As well as the interview with Sam Walsh, this month’s Supply Management magazine contains a good article titled “12 Reasons Why You Have The Best Job In The World”.

When we saw that, it was a “great minds…” moment as we’d just started putting together a very similar feature for Spend Matters, and to be honest, the Supply Management list is (not surprisingly) pretty close to what we had in mind. So we’ll put our article on hold for the moment.

However, I’d take issue with one of the reasons. “You are paid to spend other people’s money” it says. Now of course this is true, and actually the sentence underneath is fine – “Graduates have frequently reported that procurement is one of the few professions where they are very quickly given responsibility and much of this is demonstrated by the large amounts of the organisation’s spend they get their hands on soon after starting”.
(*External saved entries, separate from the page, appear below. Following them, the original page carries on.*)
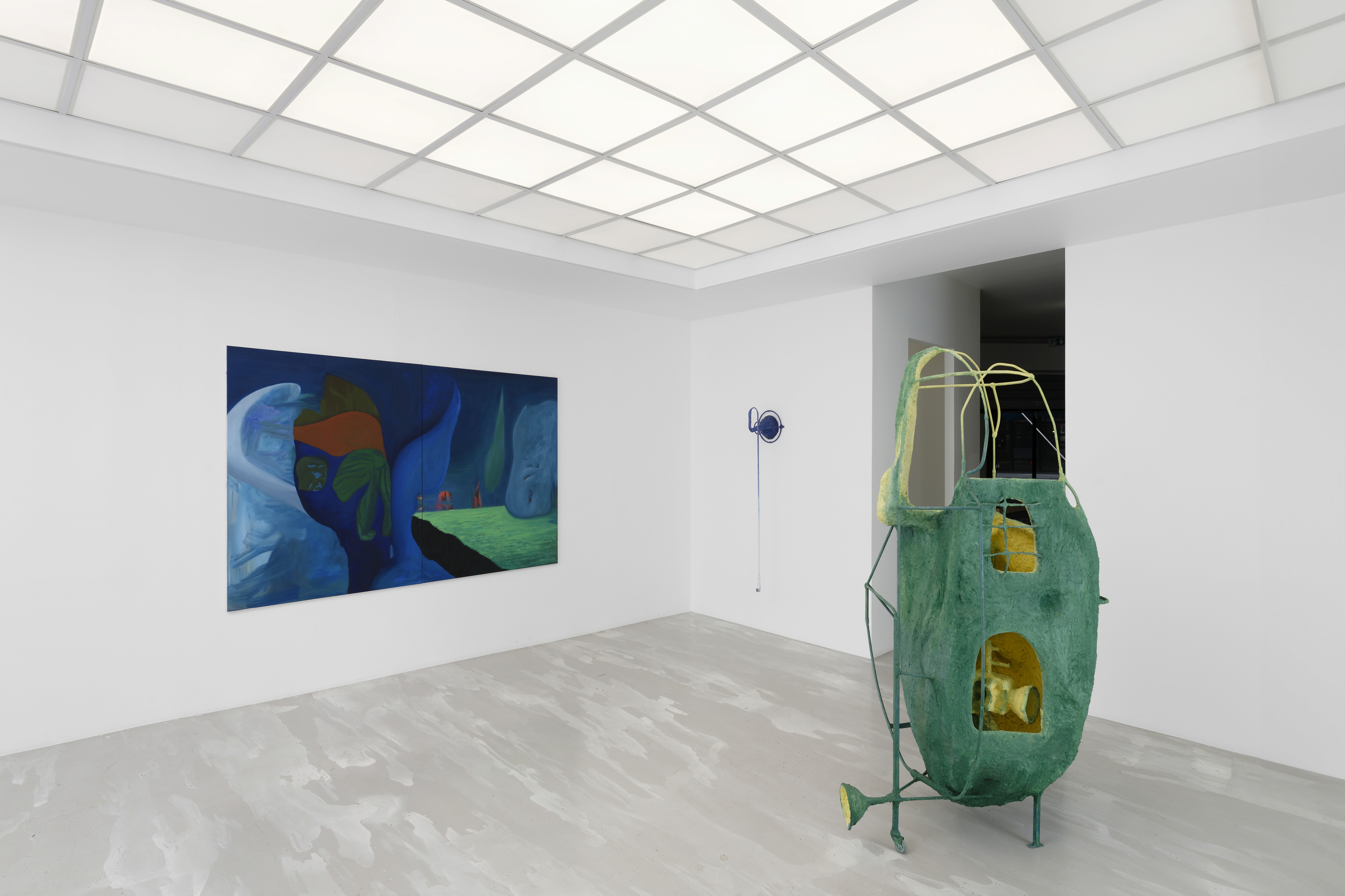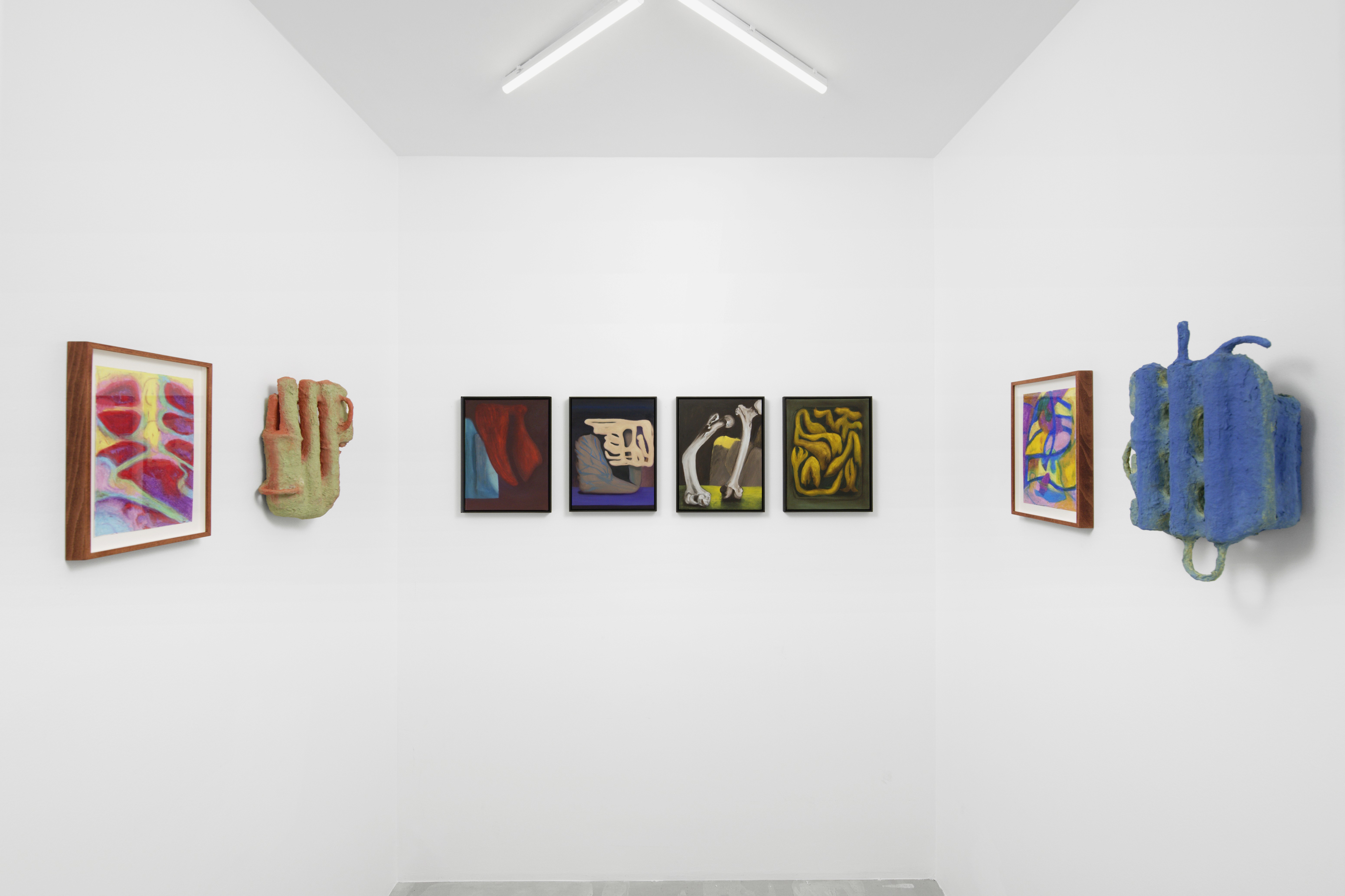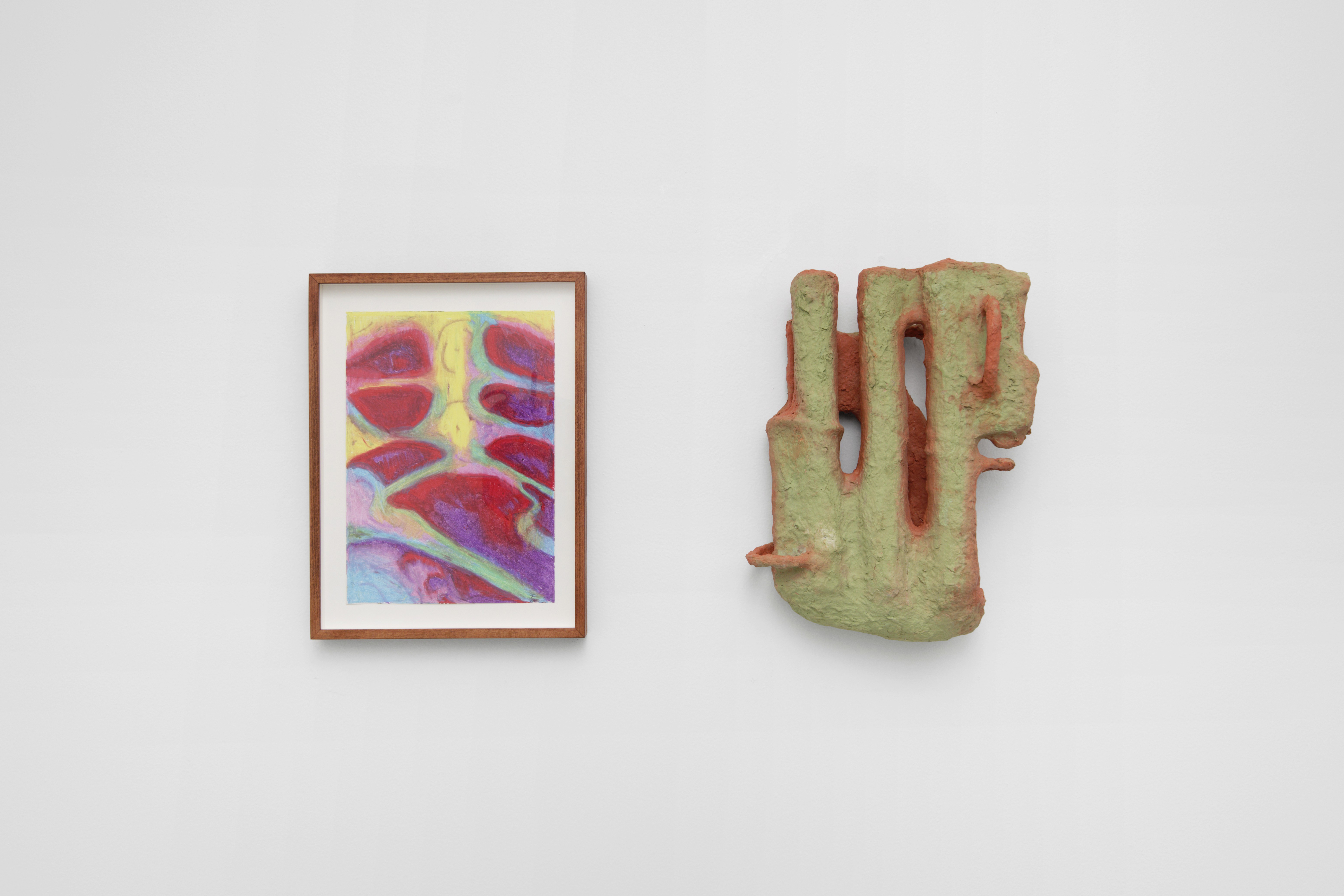 In the works of both artists, the interest in sometimes highly intense chromatic impact, the fondness for the familiar and intriguing, as well as the junction between body, landscape, and structures, engage in a dialogue with the legacies of surrealism. ‘Confab Window’ translates their shared attention to the effects of thresholds, in-betweens, and the processes of instability that these circulations generate in their practices. The title of the exhibition also refers to the shared period of time between them and the continuation of this conversation among the works in the exhibition. New productions are presented alongside existing works in the gallery's alcoves, which are conducive to thoughtful contemplation. Here, one discovers works stemming from peripheral practices of the artists: a series of drawings for Olivia Bax and a ceramic piece for Veronika Hilger.
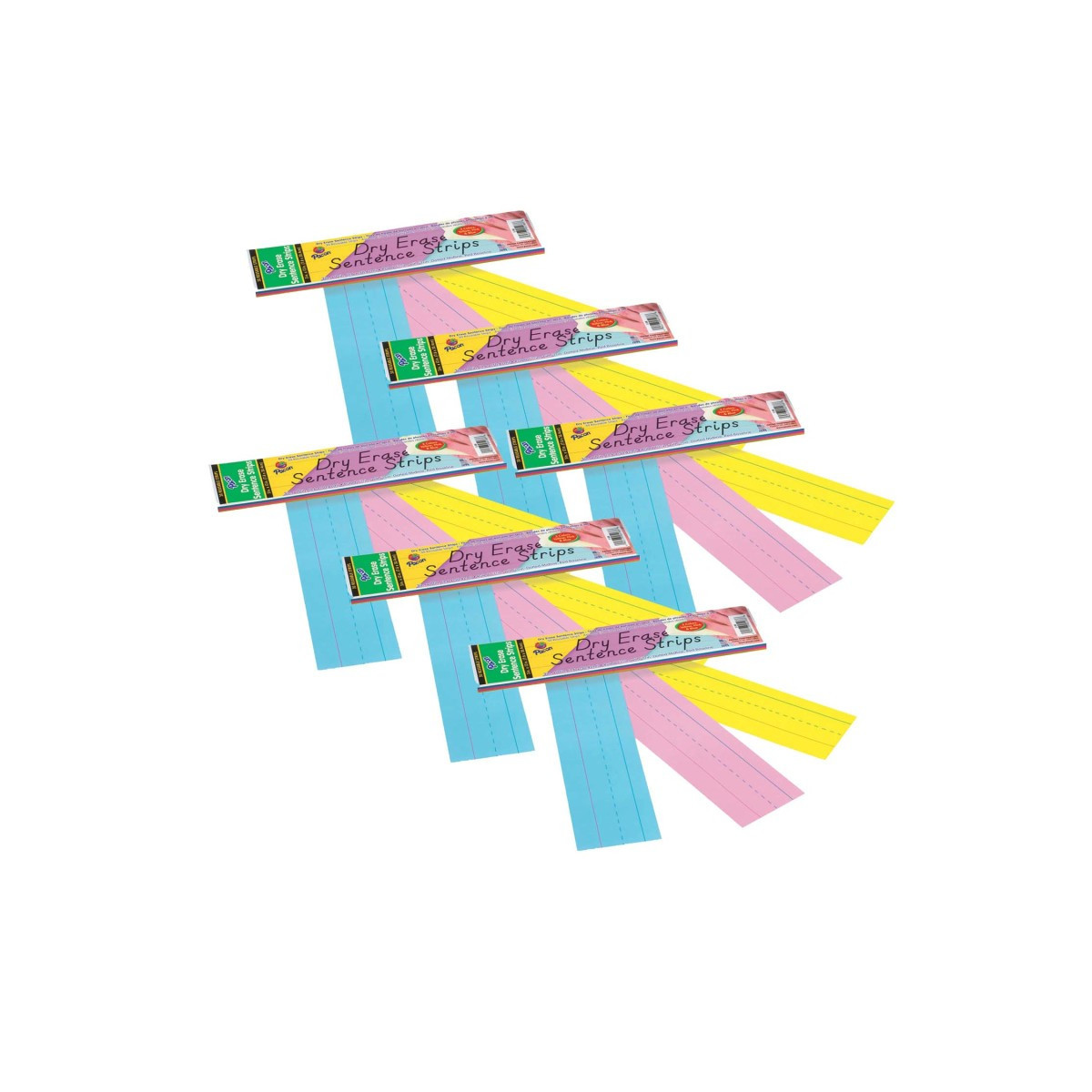 The dry-erase surface makes these sentence strips convenient and reusable! Each strip is ruled 1.5" with red baseline and .75" dotted midline. Dry-erase surface is on one side only. Assorted colors include Blue, Pink and Yellow. Each pack includes 30 strips. Measures 3" x 12". Sold as 6 packs for a total of 180 strips.
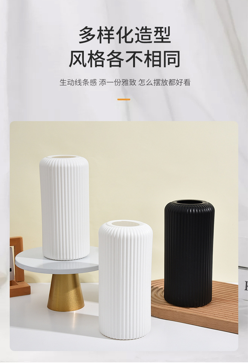 심플한 인스 스타일 줄무늬 플라스틱 꽃병, 북유럽 스타일 플라스틱 랜턴 꽃병, 고급스러운 거실 장식품 도매
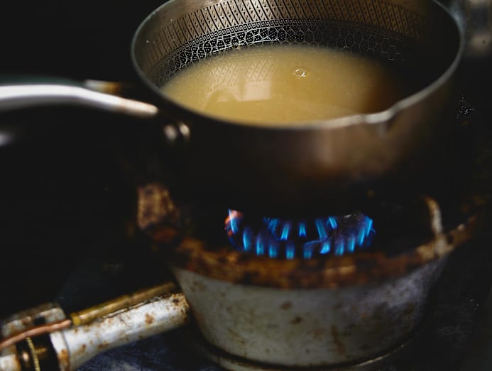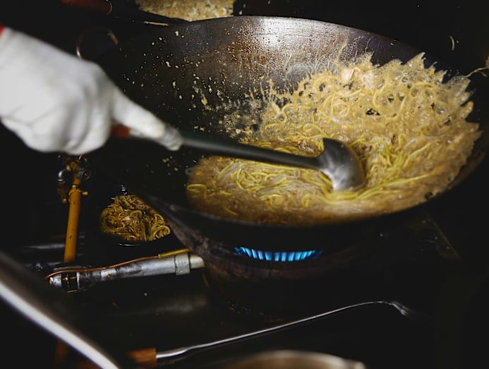 Both dishes are made with different stock bases: the pao fan with pork bones, boiled “for at least 12 hours, to extract the gelatin”, along with a prawn-head and clam broth for the noodles that’s simmered for a shorter two-and-a-half hours.
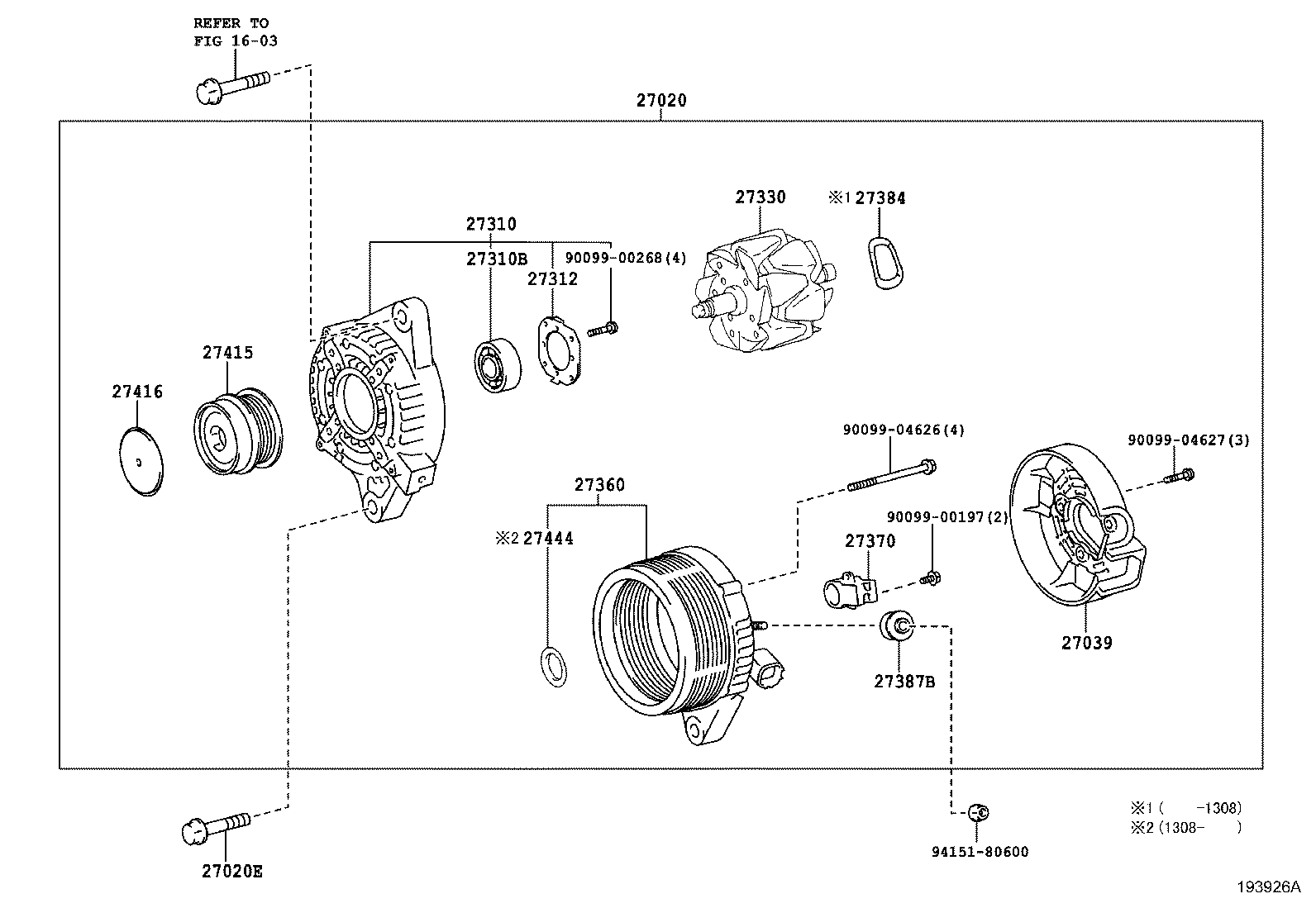 PREMIO ALLION |  ALTERNATOR ** Refer Fig 27020 - ALTERNATOR ASSY 27020E - BOLT(FOR ALTERNATOR) 27039 - COVER, ALTERNATOR REAR END 27310 - FRAME ASSY, DRIVE END, ALTERNATOR 27310B - BEARING(FOR ALTERNATOR DRIVE END FRAME) 27312 - PLATE, RETAINER 27330 - ROTOR ASSY, ALTERNATOR 27360 - COIL ASSY, ALTERNATOR 27370 - HOLDER ASSY, ALTERNATOR BRUSH 27384 - WASHER 27387B - INSULATOR, ALTERNATOR TERMINAL 27415 - PULLEY, ALTERNATOR W/CLUTCH 27416 - CAP, ALTERNATOR PULLEY 27444 - PACKING, ALTERNATOR BEARING COVER  ** Std Part  ** Std Part  ** Std Part  ** Std Part  ** Std Part
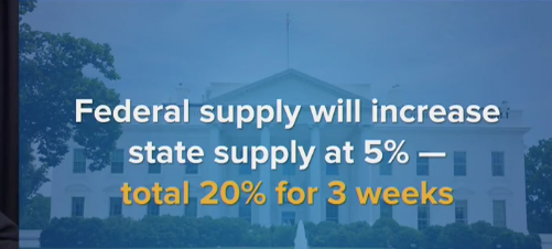 However, Cuomo said, the federal government has announced that it will increase state supply at 5 percent, or a total of 20 percent for three weeks, he said.

I agree, and that was a very positive factor for me when I first came into the profession. But what is slightly worrying is the suggestion that procurement people should enjoy spending money! I’ve always felt that the best procurement people probably don’t particularly like spending money – you can’t be miserly, and you must appreciate value rather than price as we all know. But generally an attitude that starts from the premise that we’d rather not spend money if we can avoid it is good for procurement professionals, I would argue.

And the “other people’s money” is faintly worrying. I would hope we would be even more careful with “other people’s money” than we are with our own. We would all expect anyone in the public sector for instance to take that attitude, as they really are spending our (taxpayers’) money!

It reminds me a little of certain senior people in the profession who liked to say what we did was “just like shopping”. That was not a very sensible or even accurate comment, I always thought. When I worked on huge outsourcing or construction contracts, helped to negotiate probably the biggest non-military contract the UK government had ever awarded, or tried to work out appropriate strategies for buying IT across a huge financial services organisation, it didn’t feel much like “shopping”.  Again, I would not necessarily want to appeal to “people who like shopping” as being perfect for procurement.

Anyway, there are other very good reasons for loving procurement, many of which are covered in the Supply Management article. And we might come back still and revisit the idea ourselves at some stage, just to see if we can think of some different reasons.